Книжник улыбнулся в ответ на насоновский вопрос. Он и в самом деле интересовался — намного иудаизмом, немного — буддизмом, с глубоким интересом изучал католицизм, прочёл труды протестантов. Интересовался синтоизмом и даосизмом, полистал Конфуция. Исследовал, что мог найти, в исламе. Памятуя о Прадхане с Мулапракрити, проскочил индуизм и оккультизм, резонно сочтя, если Истина обретается только в Гималаях, толку в ней нет. Страна, насчитывающая пять сотен равно истинных учений? Вздор это, господа. Не счёл Парфианов нужным знакомиться только с культами Вуду и с шаманизмом. А вот в храм на соседней улице заглянул только тогда, когда выбирать оказалось уже не из чего. Извилистый и идиотский путь российского интеллигента.
Насонов не согласился.
— Путь российского интеллигента сегодня лежит через рынок. У прилавков — профессора и доценты. Технари и математики — директора банков, актёры — рекламируют шоколад, писатели — занялись порнухой. Кого из них, помилуйте, интересует Бог?
Расстались на вокзале почти по-братски. Адриан заметил, что не хочет отпускать Алёшку.
Между тем, Книжник стал в храме если не своим человеком, то почти своим. Знал всех по именам, узнал и судьбы этих людей и их духовные пути. Они разнились — и это различие, как отметил Парфианов, зримо отпечатывалось на лицах. То были лики ликующие и лики скорбящие. Первый тип встречался редко — это были богоискатели, вроде него, для которых обретение Бога было итогом, целью и смыслом жизни. Безгрешных пред Господом нет, но эти, по хранящему их Промыслу, не обременённые несмываемыми смертными грехами, обретя свою Истину, разве что не пели, светились счастьем и любили всех. По сияющим лицам с то и дело мелькающей на них улыбкой их было видно издалека.
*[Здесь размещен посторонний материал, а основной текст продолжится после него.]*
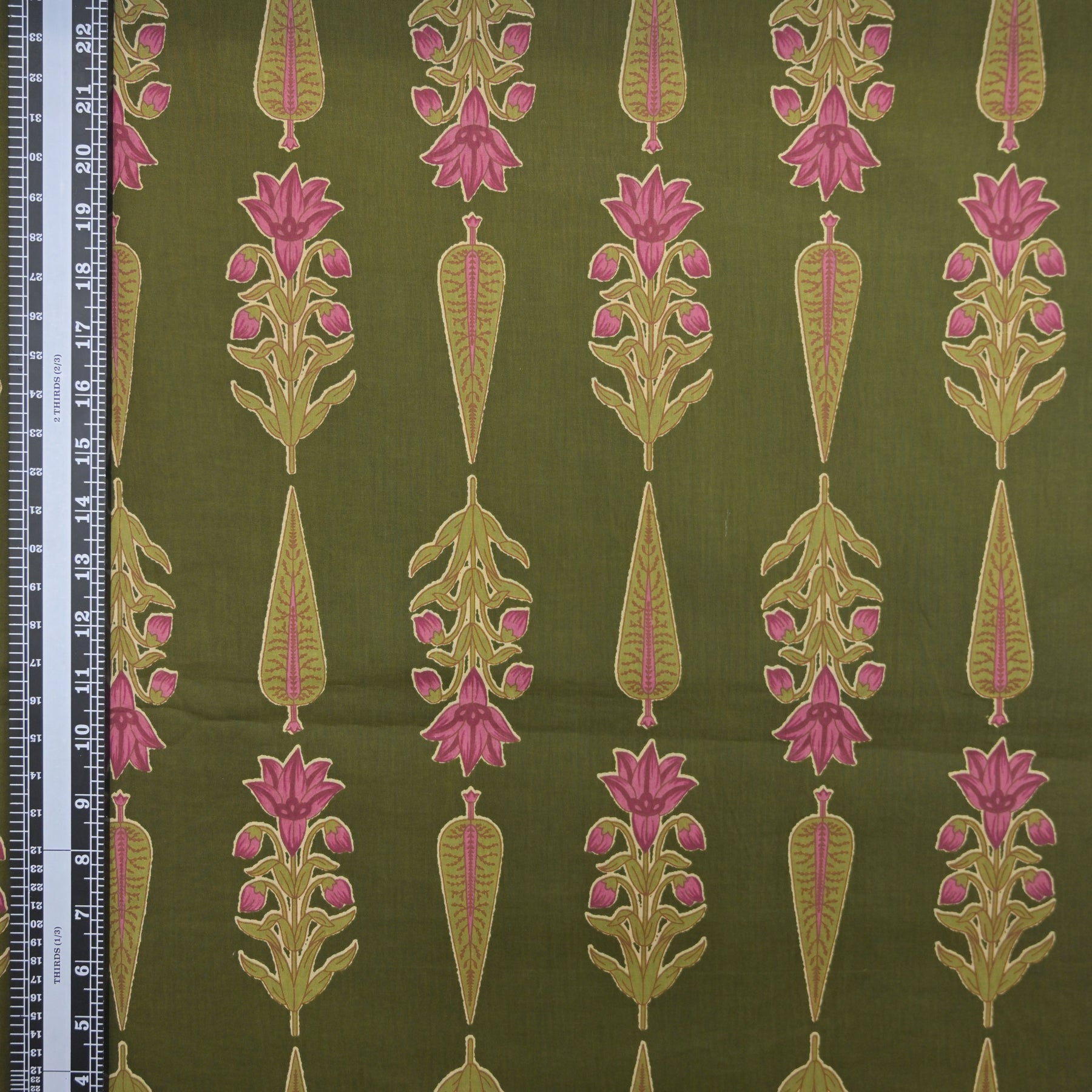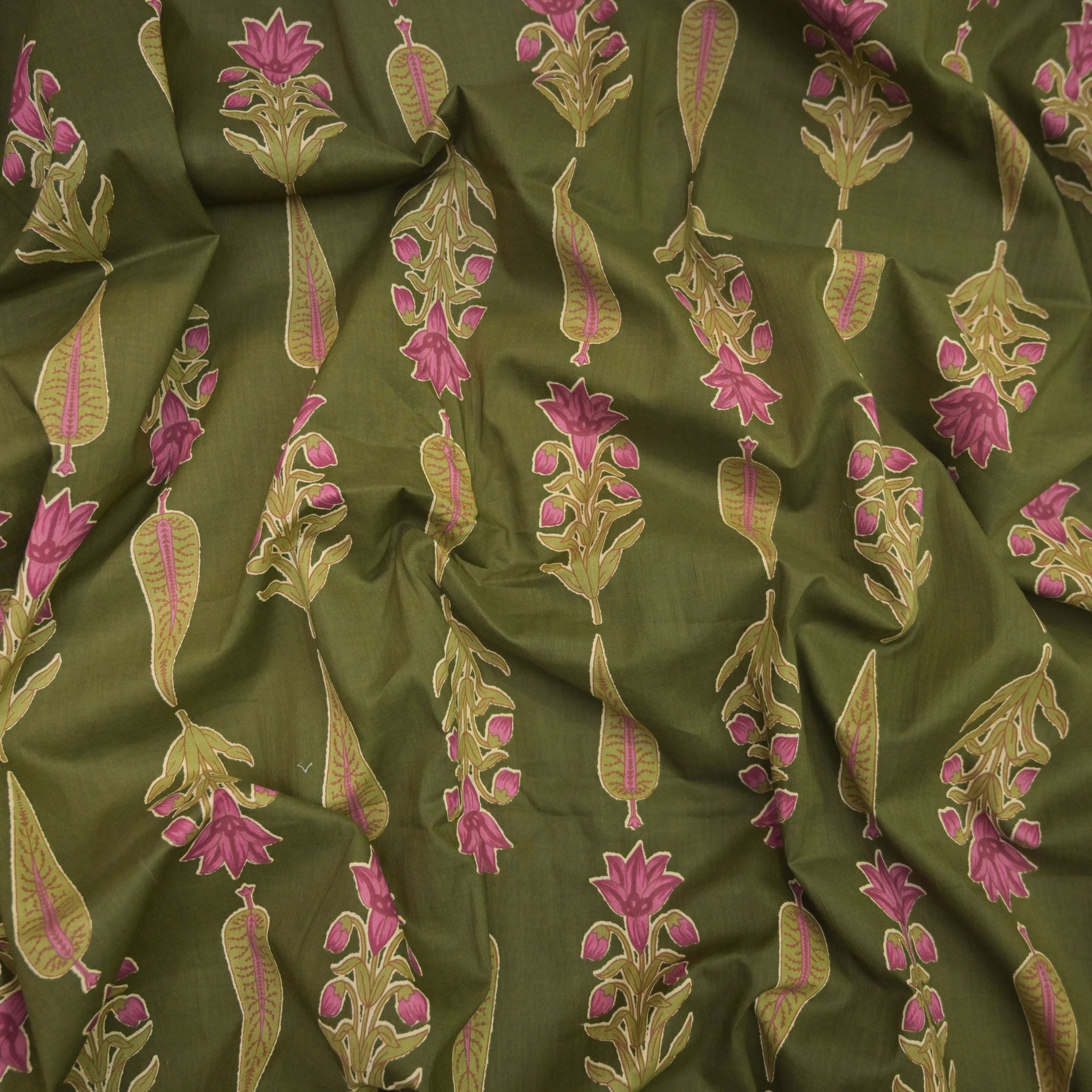 Bring timeless charm to your creations with this Olive Green Cotton Fabric adorned with beautiful allover Floral prints.

Вторые — кающиеся — пришли на невероятном судьбинском сломе, на страшном бытийном ударе, сотрясшем их до основания души. Женщины, на совести которых было несколько десятков абортов, бывшие развесёлые блудницы, партийные активисты, когда-то глумившиеся над верующими и не пускавшие их в храмы, бывшие палачи НКВД, сексоты и доносчики, когда-то продававшие соседей страха ли ради иудейска, а порой и за лишние квадратные метры, тати, смершевцы, насильники и убийцы. Обессиленные и больные, лишившиеся кто — детей, кто — воровски накопленного, и почти все — возможности спать по ночам, они приползали на слёзном раскаянии и с ужасом слышали о плодах покаяния. Их они принести уже не могли и истаивали в слезах с мытаревой молитвой на устах. Их тоже можно было узнать издали — по мрачным потемневшим лицам и скорбным вздохам.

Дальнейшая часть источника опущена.